Tom Chau spends his days working to find ways for children with severe disabilities to interact with the world around them. He toils in a laboratory in the largest rehabilitation hospital in Canada where he sees kids and their families on a day-to-day basis. He employs what he knows about biology and engineering to create technologies that allow severely physically disabled kids that cannot speak to communicate with eye blinks, head turns or hand gestures. Chau gives voices to children that have never uttered a word or taken a single step.  

Tom Chau is Vice President for Research at Holland Bloorview Kids Rehabilitation Hospital and Director of Research at Bloorview Research Institute in Toronto, Canada. He is a Professor in the Institute of Biomaterials and Biomedical Engineering at the University of Toronto. 

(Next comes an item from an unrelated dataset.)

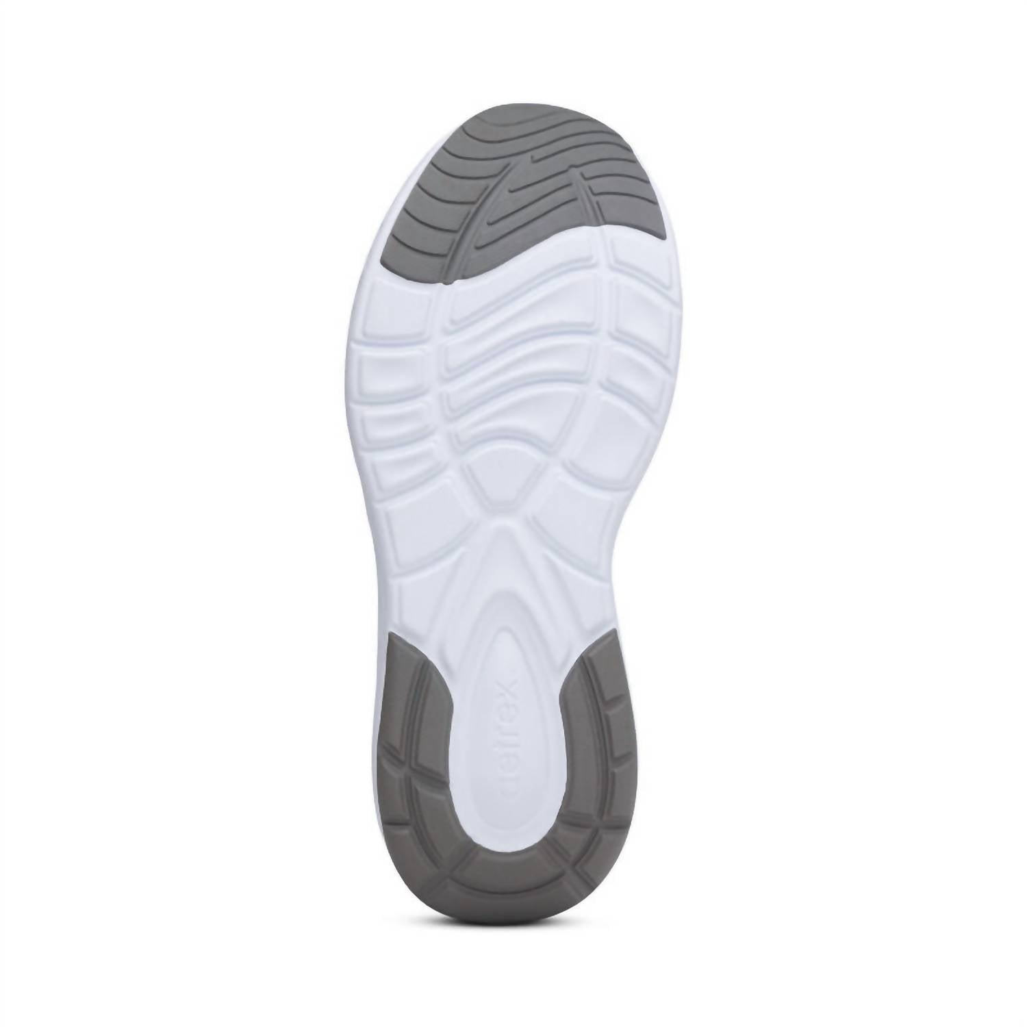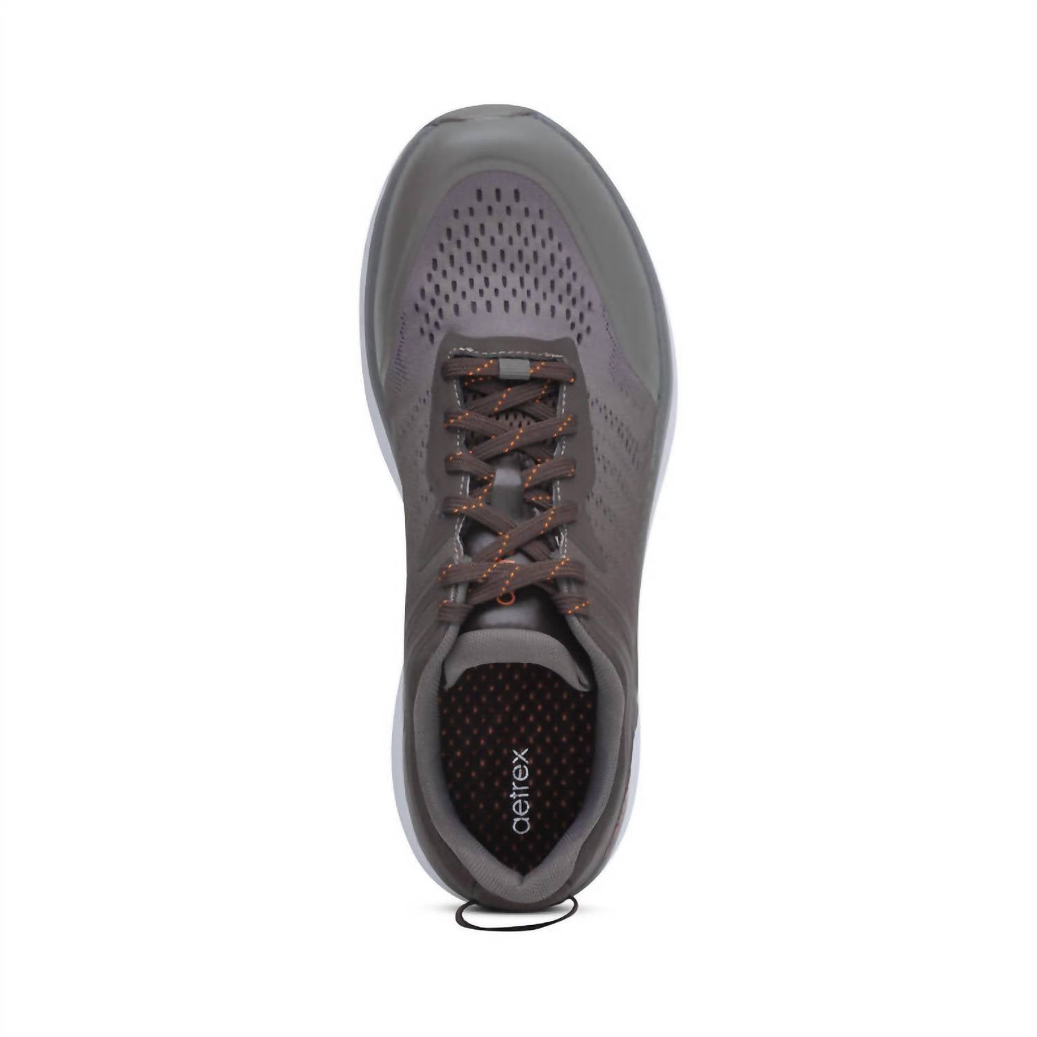 Step into unparalleled comfort with the Chase Arch Support Sneakers by Aetrex, crafted from breathable mesh in a sleek grey hue. These men's low-heeled shoes feature a 1.3" flat heel and a supportive insole with built-in arch support, UltraSky™ cushioning, and antimicrobial technology. Designed with adjustable laces, a padded collar, and tongue for a personalized fit, they're perfect for everyday streetwear or a relaxing vacation. With durable rubber pods on the outsole and machine washable properties, these sneakers offer both style and convenience for your active lifestyle.

“I liked to design and draw things as a child, especially vehicles, with intricate parts going this way and that way. I had the creative aspect early on,” said Chau. Chau also benefited from early experiences volunteering with his siblings in the hospital where his mother worked. He helped out where he could, entertaining and singing to patients. It was a familiar setting for Chau, one to which he would return for a thriving career in biomedical engineering. 

After graduating from the University of Waterloo with a Ph.D. in systems design engineering, Chau worked for IBM and immersed himself in the corporate world. But Chau realized that he wanted to pursue a career that made a societal impact and had more of a human connection. Chau decided to return to Bloorview Hospital where he worked for a summer during his graduate training. There, he secured funding as a postdoctoral fellow and developed a program for children’s rehabilitation engineering. 

Chau has been helping children in the Bloorview Research Institute for the past 10 years. He is especially proud of helping “Jonathan,” a young adult patient with profound disabilities, find his voice. Using thermal imaging technology, Chau and colleagues tracked Jonathan’s mouth movements, one of the few voluntary movements he could control.  Over several months, they trained him to open and close his mouth to communicate. When Chau connected the thermal imaging technology to a keyboard, he got amazing results –  Jonathan’s first typed word was “muther,”  his first communication with his mom. “It was really incredible,” said Chau. 

Chau’s technological breakthroughs in the field of pediatric disability have transformed the lives of children and their families worldwide. “At the end of the day, you can see that your efforts are really having an impact on people’s lives. Not 10 or 15 years down the road, but now,” said Chau.